Gone are the days of attrition warfare, I think many units now are focused on using firepower in order to allow movement rather than to wear down the enemy. Think of Rommel's Blitzkrieg rather than rows of soldiers lining up and shooting at one another.


----------



## ginshun (May 19, 2009)

Cryozombie said:


> Right.  Thats how I see it... if an opponent is resisting, its time to change techniques.




That's exactly why everybody should be doing at least some training against a resisting opponent / partner.

If you have never felt somebody directly resisting what you are trying to do to them, you won't be able to recognize and adapt when it happens in real life.


----------



## Dale Seago (May 19, 2009)

ginshun said:


> That's exactly why everybody should be doing at least some training against a resisting opponent / partner.
> 
> If you have never felt somebody directly resisting what you are trying to do to them, you won't be able to recognize and adapt when it happens in real life.


 
More properly. . .and yet without contradicting what you said. . .everyone should be training to do things in such a way that the opponent can't tell what you're doing until it's too late to do anything about it.

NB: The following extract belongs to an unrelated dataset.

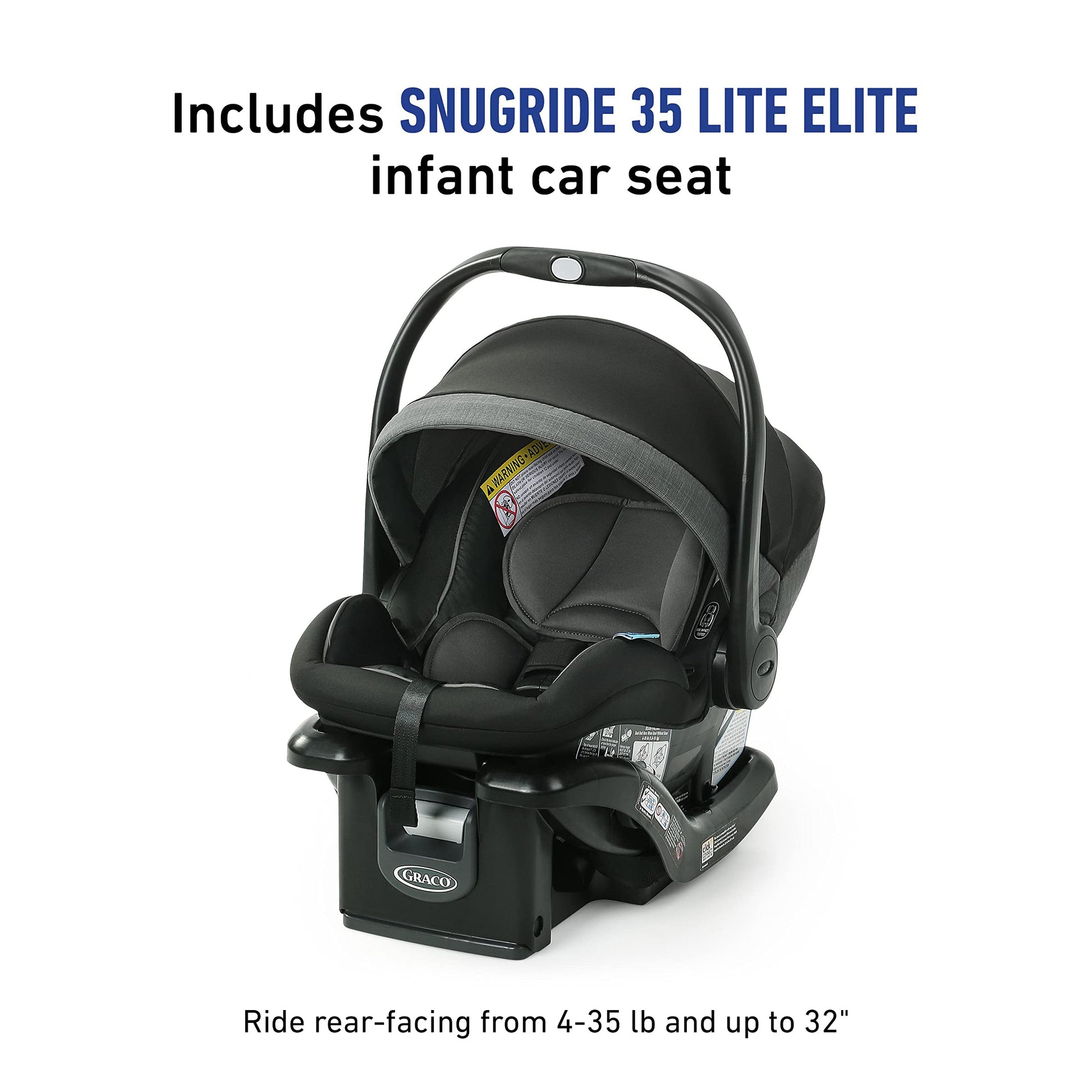 - Includes the Graco SnugRide 35 Lite Elite Infant Car Seat, rear-facing for infants from 4-35 lb and up to 32" for an easy transition from car to stroller

In the Bujinkan at least, the three common general approaches are to

(a) "suggest" to the opponent that a particular thing is going to happen; then, as he is moving to counter it, change to something different. (At a more advanced level you don't even wait for the opponent to begin moving to perform his counter: You change just as his mind "goes to" or becomes aware of the possibility you're suggesting.) Just off the top of my head I can think of some Gyokko ryu, and especially Kukishin ryu, kata which feature this.

(b "fool the opponent's senses" (particularly proprioception) in such a way that he thinks some particular thing is going on and doesn't feel it changing to something different; or

(c) move in such a way that there are multiple simultaneous possibilities for you, leaving the opponent unable to determine what is going on until it's far too late to counter whatever it is that you actually end up doing. This "formlessness filled with infinite potential" embodies the quality of _yugen_ (a concept drawn from Japanese _Noh_ theater) which Hatsumi sensei has often described as essential to budo.

All three involve misdirection or "deception" (_kyojitsu tenkan ho_), which Soke describes as being as critical in one-on-one combat as it is in military warfare; but the misdirection here is created in 3 different ways: 

(a) is what you might call "direct" deception, feeding the enemy false information leading him to make a response which traps him.

(b) is based on "covert action" in which information regarding your intentions is denied to the enemy via proper "operational security".

(c) is based on actually flooding the enemy with information, in such a way that he either sees many possibilities or simply can't interpret what's going on at all because they seem to conflict with each other -- which may also have the effect of causing the opponent to feel he is not being given any data at all, because none of it makes sense when any of the parts are compared with each other.

Speaking as a former tactical intelligence officer in the military, all of these approaches have their direct counterparts on the battlefield as well as interpersonally.


----------



## ElfTengu (May 20, 2009)

Thanks Dale, nice to see you posting again.

It has been a bit quiet here lately, but there is a lot going on at MAP, where I am unfortunately banned.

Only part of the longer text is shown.